* DATA FOR PROCESSING:
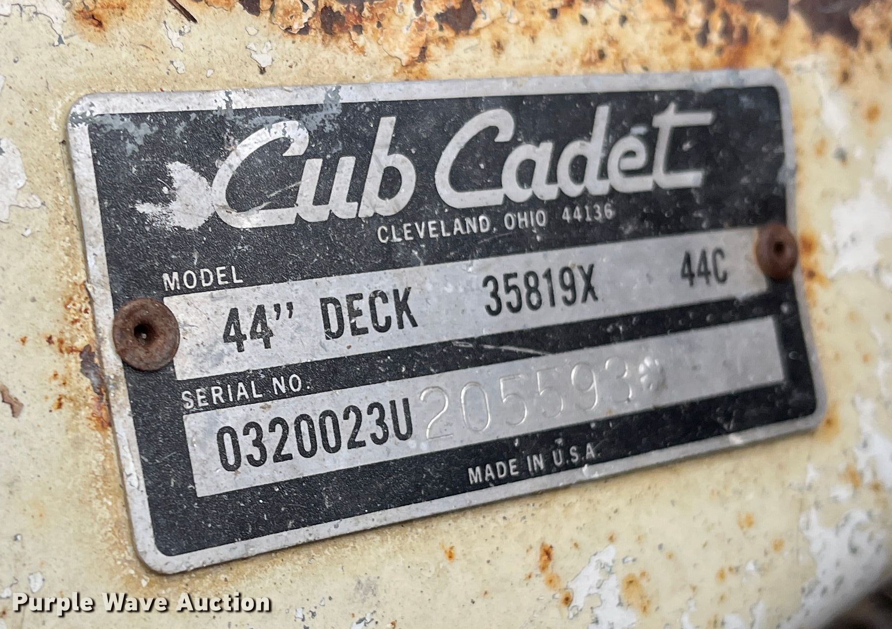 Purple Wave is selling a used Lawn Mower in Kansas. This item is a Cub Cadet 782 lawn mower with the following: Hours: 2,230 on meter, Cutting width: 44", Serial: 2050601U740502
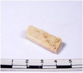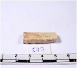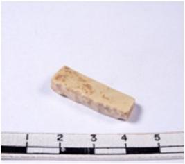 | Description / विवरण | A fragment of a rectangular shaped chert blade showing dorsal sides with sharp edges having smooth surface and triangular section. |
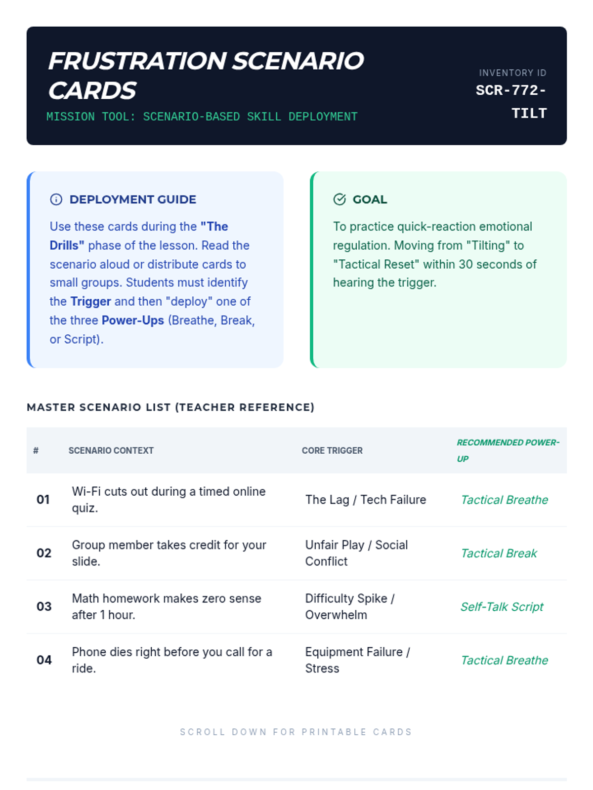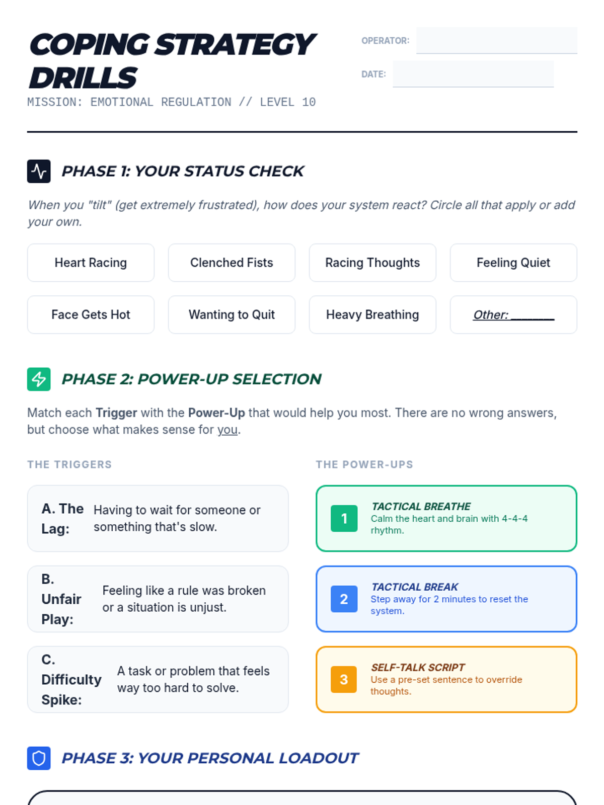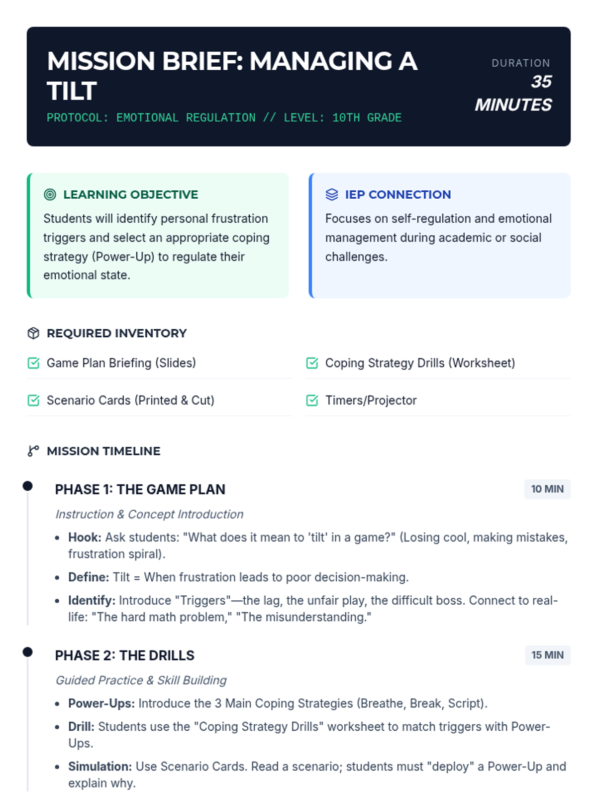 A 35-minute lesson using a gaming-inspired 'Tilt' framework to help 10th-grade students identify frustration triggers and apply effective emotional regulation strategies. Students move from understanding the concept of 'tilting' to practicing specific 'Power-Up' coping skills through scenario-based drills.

==

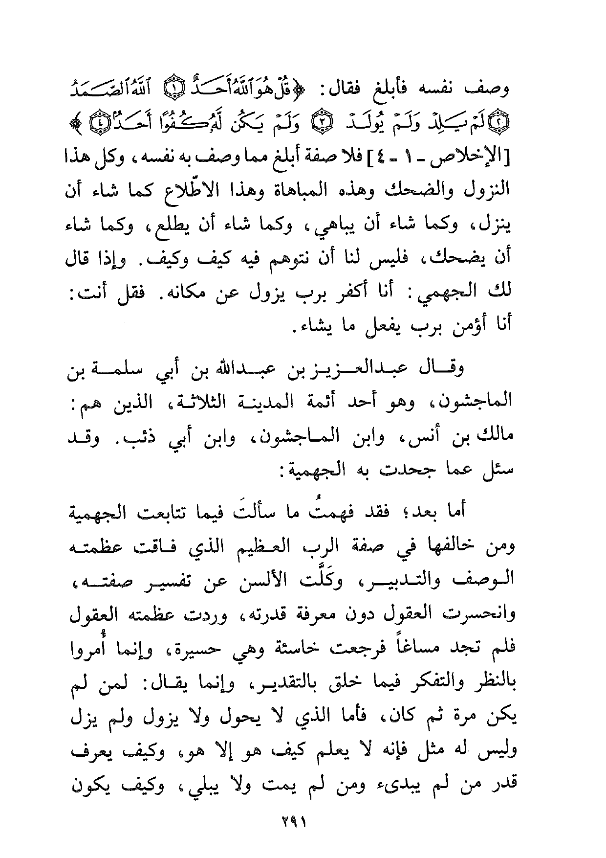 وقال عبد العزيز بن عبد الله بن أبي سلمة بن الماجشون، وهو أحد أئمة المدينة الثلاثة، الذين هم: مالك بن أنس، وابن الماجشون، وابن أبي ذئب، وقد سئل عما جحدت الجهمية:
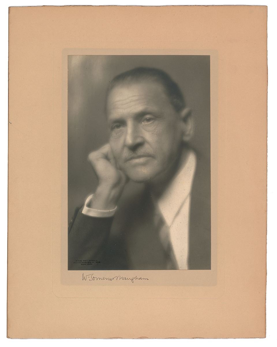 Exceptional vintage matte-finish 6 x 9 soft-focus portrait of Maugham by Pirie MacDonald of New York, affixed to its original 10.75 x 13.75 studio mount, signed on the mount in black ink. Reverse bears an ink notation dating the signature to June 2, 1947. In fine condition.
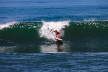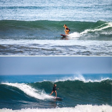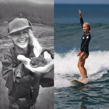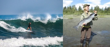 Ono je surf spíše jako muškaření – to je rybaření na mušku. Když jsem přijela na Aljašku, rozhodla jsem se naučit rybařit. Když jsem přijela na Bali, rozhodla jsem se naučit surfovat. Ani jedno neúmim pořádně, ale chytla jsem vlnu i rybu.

* WHAT NEEDS TO BE DONE:
The answer must be the lines above from the one containing "وقال عبد العزيز" through the one containing "Ono je surf", reproduced exactly, with no pictures and nothing else.

* RESULT BELOW:
 وقال عبد العزيز بن عبد الله بن أبي سلمة بن الماجشون، وهو أحد أئمة المدينة الثلاثة، الذين هم: مالك بن أنس، وابن الماجشون، وابن أبي ذئب، وقد سئل عما جحدت الجهمية:
 Exceptional vintage matte-finish 6 x 9 soft-focus portrait of Maugham by Pirie MacDonald of New York, affixed to its original 10.75 x 13.75 studio mount, signed on the mount in black ink. Reverse bears an ink notation dating the signature to June 2, 1947. In fine condition.
 Ono je surf spíše jako muškaření – to je rybaření na mušku. Když jsem přijela na Aljašku, rozhodla jsem se naučit rybařit. Když jsem přijela na Bali, rozhodla jsem se naučit surfovat. Ani jedno neúmim pořádně, ale chytla jsem vlnu i rybu.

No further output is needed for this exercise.